[Data segment Boundary: Start]

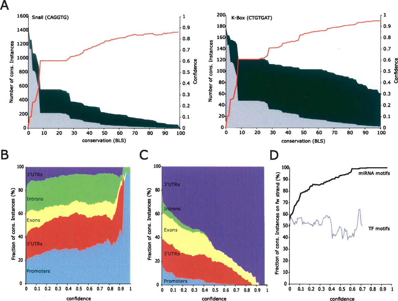 High-confidence recovery of individual motif instances. (A) Mapping BLS scores to confidence values. Recovery of conserved motif instances the transcriptional repressor Snail (CAGGTG) in promoter regions (2-kb regions upstream of transcription start sites), and the K-box miRNA (CTGTGAT) in 3′ UTRs, at different BLS cutoffs (X-axis). Instances of shuffled control motifs (gray area) decrease much more rapidly than instances of real motifs (height of black curve), leading to a large fraction of motif instances conserved above background (black area). The motif-confidence score (red line) is calculated as the fraction of conserved instances above background. Random motifs are selected to have equal frequency as real motifs at BLS = 0. (B,C) Increasing confidence values select functional motif instances. With increasing confidence cutoffs (X-axis), transcription factor (TF) motif instances fall increasingly in promoter regions (light blue), 5′ UTRs (red), and introns (green), at the exclusion of 3′ UTRs (dark blue) and coding regions (yellow). In contrast, miRNA motif instances fall increasingly into 3′ UTRs to the exclusion of promoters and other regions. Relative size of regions is normalized at BLS = 0. (D) miRNA motif instances at increasing confidence cutoffs are increasingly on the transcribed strand of 3′ UTRs (black curve), while no such trend is seen for TF motifs (gray). Curves are truncated when <10 instances reach the respective confidence.
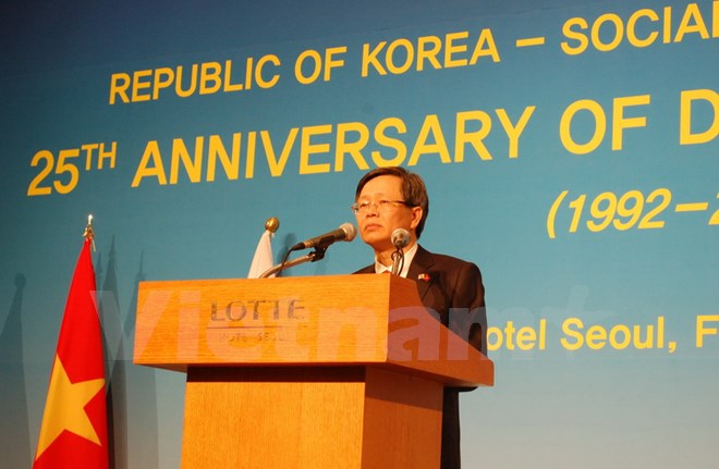 Đại sứ Việt Nam tại Hàn Quốc Phạm Hữu Chí phát biểu tại buổi lễ. (Ảnh: Vũ Toàn-Hữu Tuyên-Vietnam+)Đây là hoạt động mở đầu cho chuỗi sự kiện được tổ chức trong năm nay để kỷ niệm 25 năm ngày thiết lập quan hệ ngoại giao song phương (22-12-1992 - 22-12-2017).
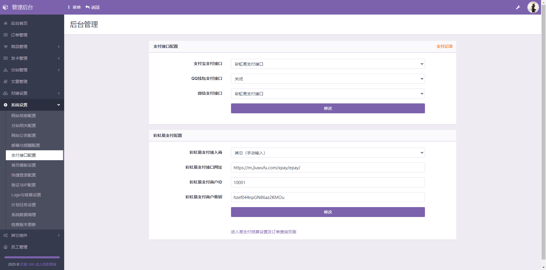 这套源码用的彩虹发卡程序,功能还是挺多的,支持开通分站,下单邮箱提醒,后台有 20 套前台模板,也可以改做其他站点测试环境:PHP7.4,Mysql5.7支付对接的是微信/支付宝官方支付,也可以对接第三方易/码支付,框架用的是thinkphp搭建环境:nginx1.24.0·1、源码解压至根目录·2、配置伪静态think PHP3.修改config.php数据库信息·4.导入数据库文件5.后台:域名/admin账号:admin密码:123456
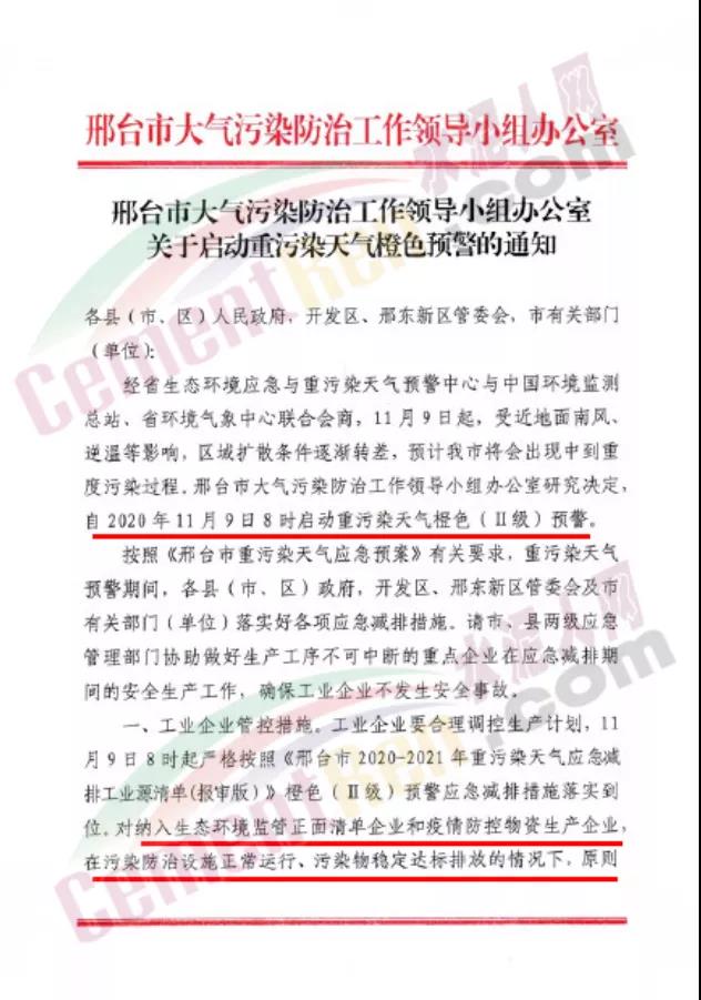 邯鄲市重污染天氣應急指揮部通知,于11月9日8時起啟動Ⅱ級應急響應,在確保安全生產(chǎn)的前提下,全市域嚴格按照應急減排有關要求落實各項應急減排措施。工業(yè)企業(yè)合理調(diào)控生產(chǎn)計劃,在確保安全生產(chǎn)和民生保障的前提下,按照《邯鄲市2020-2021年重污染天氣應急減排工業(yè)源清單(修訂版)》橙色預警(Ⅱ級)差異化減排措施執(zhí)行到位。

[Data segment Boundary: End]

Give the listing again exactly, but omit each image.

 High-confidence recovery of individual motif instances. (A) Mapping BLS scores to confidence values. Recovery of conserved motif instances the transcriptional repressor Snail (CAGGTG) in promoter regions (2-kb regions upstream of transcription start sites), and the K-box miRNA (CTGTGAT) in 3′ UTRs, at different BLS cutoffs (X-axis). Instances of shuffled control motifs (gray area) decrease much more rapidly than instances of real motifs (height of black curve), leading to a large fraction of motif instances conserved above background (black area). The motif-confidence score (red line) is calculated as the fraction of conserved instances above background. Random motifs are selected to have equal frequency as real motifs at BLS = 0. (B,C) Increasing confidence values select functional motif instances. With increasing confidence cutoffs (X-axis), transcription factor (TF) motif instances fall increasingly in promoter regions (light blue), 5′ UTRs (red), and introns (green), at the exclusion of 3′ UTRs (dark blue) and coding regions (yellow). In contrast, miRNA motif instances fall increasingly into 3′ UTRs to the exclusion of promoters and other regions. Relative size of regions is normalized at BLS = 0. (D) miRNA motif instances at increasing confidence cutoffs are increasingly on the transcribed strand of 3′ UTRs (black curve), while no such trend is seen for TF motifs (gray). Curves are truncated when <10 instances reach the respective confidence.
 Đại sứ Việt Nam tại Hàn Quốc Phạm Hữu Chí phát biểu tại buổi lễ. (Ảnh: Vũ Toàn-Hữu Tuyên-Vietnam+)Đây là hoạt động mở đầu cho chuỗi sự kiện được tổ chức trong năm nay để kỷ niệm 25 năm ngày thiết lập quan hệ ngoại giao song phương (22-12-1992 - 22-12-2017).
 这套源码用的彩虹发卡程序,功能还是挺多的,支持开通分站,下单邮箱提醒,后台有 20 套前台模板,也可以改做其他站点测试环境:PHP7.4,Mysql5.7支付对接的是微信/支付宝官方支付,也可以对接第三方易/码支付,框架用的是thinkphp搭建环境:nginx1.24.0·1、源码解压至根目录·2、配置伪静态think PHP3.修改config.php数据库信息·4.导入数据库文件5.后台:域名/admin账号:admin密码:123456
 邯鄲市重污染天氣應急指揮部通知,于11月9日8時起啟動Ⅱ級應急響應,在確保安全生產(chǎn)的前提下,全市域嚴格按照應急減排有關要求落實各項應急減排措施。工業(yè)企業(yè)合理調(diào)控生產(chǎn)計劃,在確保安全生產(chǎn)和民生保障的前提下,按照《邯鄲市2020-2021年重污染天氣應急減排工業(yè)源清單(修訂版)》橙色預警(Ⅱ級)差異化減排措施執(zhí)行到位。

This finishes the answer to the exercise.